This investigation therefore aims to longitudinally assess and comprehensively characterize SCI-related chronic pain in earthquake victims. Potential physical and psychosocial determinants of pain as well as correlations between pain and depression, quality of life (QoL) and social participation outcomes are also explored. Finally, patient treatment-seeking behavior and therapeutic interventions are examined.
Materials and methods
Design
This is a prospective cohort study with four assessment points.
Sample and attrition
The 26 SCI patients who were treated in Mianzhu Hospital, located in one of the most severely affected earthquake areas, were enrolled. All patients participated in the initial baseline assessment (from May to August 2009) and the first follow-up assessment (from August to November 2010). Two patients were lost to follow-up and one patient had died by the third assessment (July 2012). These assessments were conducted in person and the final, fourth assessment consisted of a phone interview conducted with the 23 remaining patients (October 2012). While the first three assessments points were determined by a Chinese Association of Rehabilitation Medicine protocol, the fourth assessment was organized by the authors to collect additional relevant information.
Assessments and measures
An assessment form developed by the Chinese Association of Rehabilitation Medicine protocol, which included relevant standardized measures was used to evaluate earthquake victims at the first three assessments. This form measured pain severity with a visual analog scale (VAS), ranging from 0 (no pain) to 10 (most severe pain the patient can imagine).6 Physical functioning was assessed using the Chinese version of the Barthel index which ranges from 0 (complete dependence) to 100 (complete independence).7 Social participation was measured with the Craig Hospital Handicap Assessment and Reporting Technique Short Form. This measure comprises six domains: physical independence, cognitive independence, mobility, occupation, social integration and economic self-sufficiency.8 The World Health Organization Quality of Life-BREF (WHOQOL-BREF)9 was used to assess the QoL. The first two items are self-ratings for overall QoL and health, whereas the following 24 items measure the four broad domains of physical health, psychological health, satisfaction with social relationships and with the environment. Presence and severity of depression was evaluated with the Patient Health Questionnaire-9.10 Patient demographic and SCI characteristic data including age, sex, marital status, education, level of lesion and ASIA Impairment Scale classification were abstracted from patient hospital records.
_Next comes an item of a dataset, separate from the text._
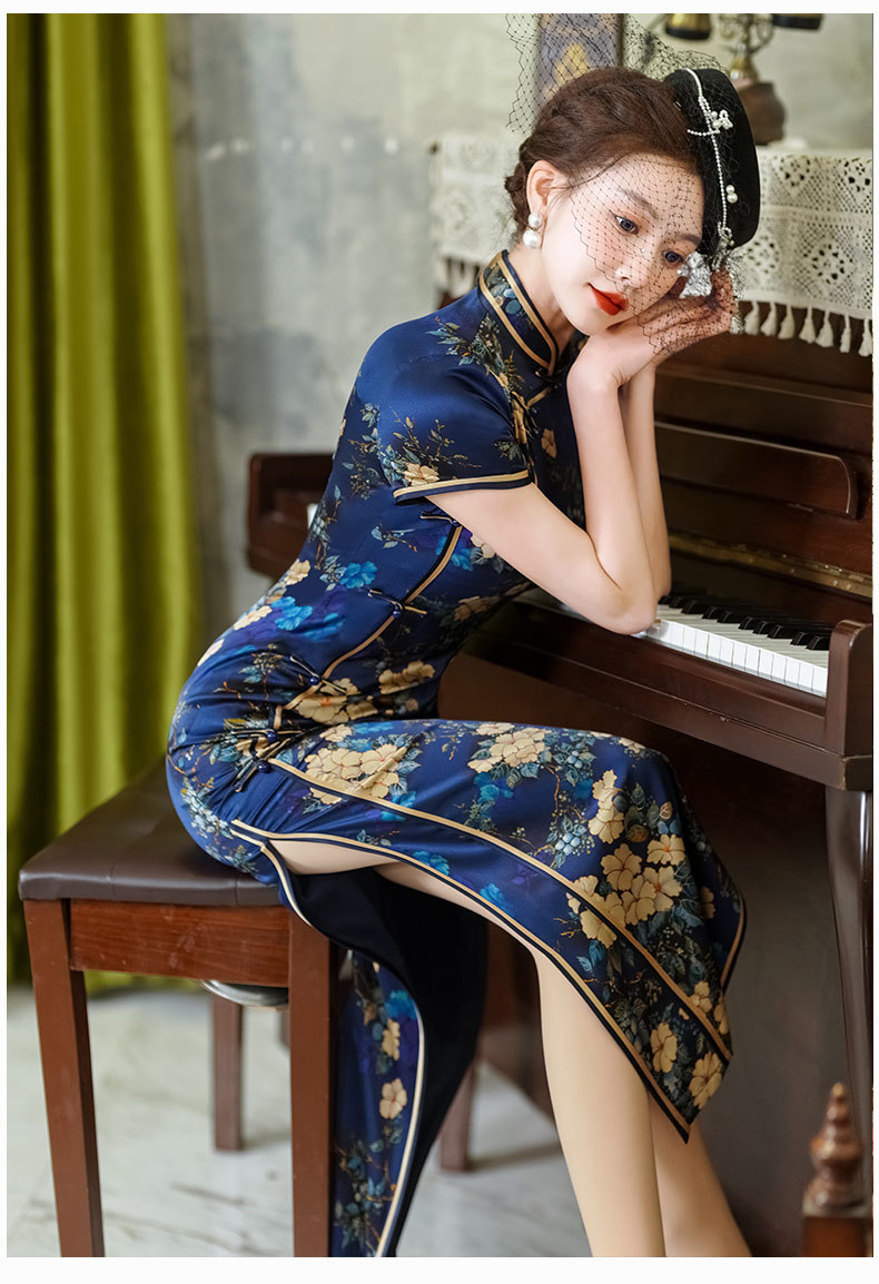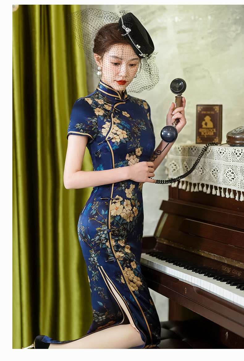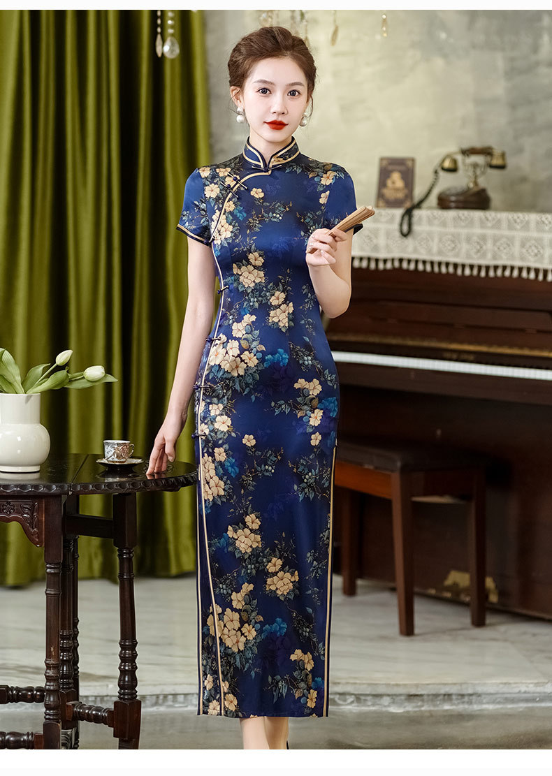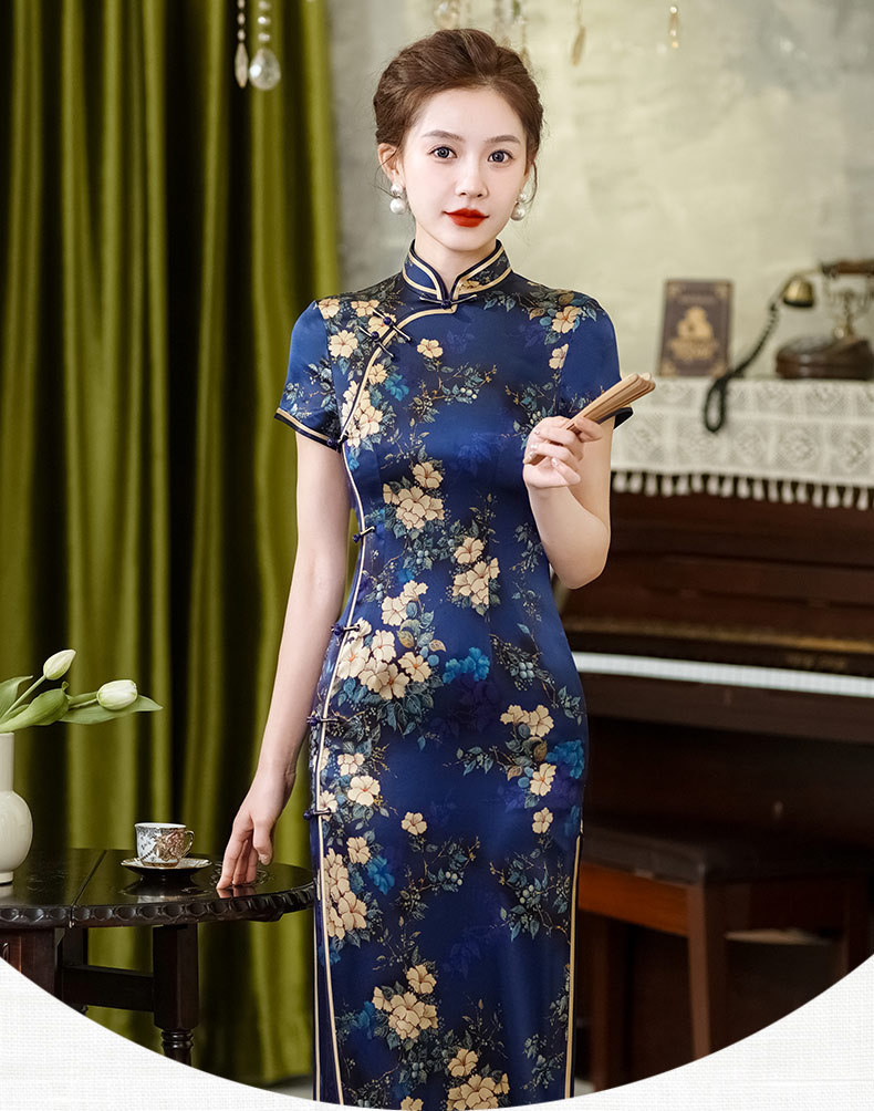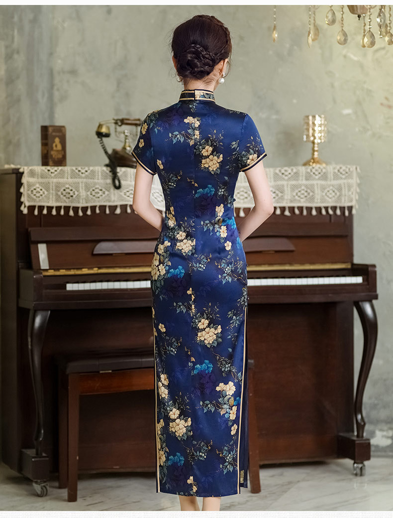 WX-春季新款真丝旗袍中式桑蚕丝连衣裙手工缝制宴席日常可穿

The fourth assessment employed a phone interview to elicit patient responses to questions on aspects of SCI-related pain. Pain characteristics including severity, timing, location, pattern, quality (descriptors), and aggravating and alleviating factors were queried.11, 12 Severity was assessed with a verbal rating scale corresponding to the VAS. Pain intervention information including patient treatment-seeking behavior as well as type of intervention prescribed, compliance and outcome was also elicited. ID Pain (Chinese version), a six-item questionnaire consisting of five sensory descriptor items and one item assessing pain restriction to joints (indicative of nociceptive pain), was administered to help differentiate nociceptive and neuropathic pain.13
The International Spinal Cord Injury Pain Classification was then used to classify patient pain based on patient data from the fourth assessment and the ID pain score was used to corroborate findings.5 The International Spinal Cord Injury Pain organizes pain types into a three-tiered structure: tier I includes ‘nociceptive’, ‘neuropathic’, ‘other’ and ‘unknown’ pain subtypes; tier II differentiates neuropathic pain by the site of pain relative to the level of injury as ‘at level’ and ‘below level’, as well as other; nociceptive pain is dived into ‘musculoskeletal’, ‘visceral’ and other subtypes. Tier III differentiates pain by its anatomical source and pathology and was not considered in this study. A single patient may be classified as ‘mixed’ with subtypes comprising both nociceptive and neuropathic pain types, for example, below-level neuropathic pain and nociceptive musculoskeletal pain.12
Data were independently entered by two coders and differences were reconciled.
Data analysis
Demographical and SCI characteristics of the study population were described as were pain severity and corresponding pain trajectories for the four assessments. Determinants of pain severity were analyzed with a longitudinal Tobit regression to account for the known ceiling and floor effects of VAS.14 Predictors were age, gender, marital status, education level, level of lesion, completeness of injury, employment status, patient care treatment seeking, date of VAS measurement, and an interaction of the final measurement and treatment (to account for the effect of treatment over time). The regression analysis was bootstrapped owing to the small sample size (that is, repeated on 50 random data samples with replacement of missing values based on values of the randomly selected cases) to minimize the effect of outliers.15 Bivariate Pearson’s correlations of pain with other outcomes (Craig Hospital Handicap Assessment and Reporting Technique Short Form, WHOQOL-BREF, Patient Health Questionnaire-9) were also analyzed for the first three assessments. Data on treatment modalities elicited at the fourth assessment were descriptively analyzed. Analyses were performed with Stata 12 (StataCorp LP, College Station, TX, USA).
Results
Population demographic and SCI data are provided in Table 1. Of the three persons with cervical lesions, two were classified as ASIA E (that is, sensory and motor function were normal) and one had a central cord syndrome (that is, incomplete injury; ambulatory). Thoracic injury patients included six complete paraplegics and nine patients with incomplete lesions (that is, two ASIA B, three ASIA C, three ASIA D and one ASIA E). All patients with lumbar lesions were incomplete injuries (that is, four ASIA C, two ASIA D) and the two patients with sacral lesions had conus medullaris syndrome (that is, incomplete injury; ambulatory).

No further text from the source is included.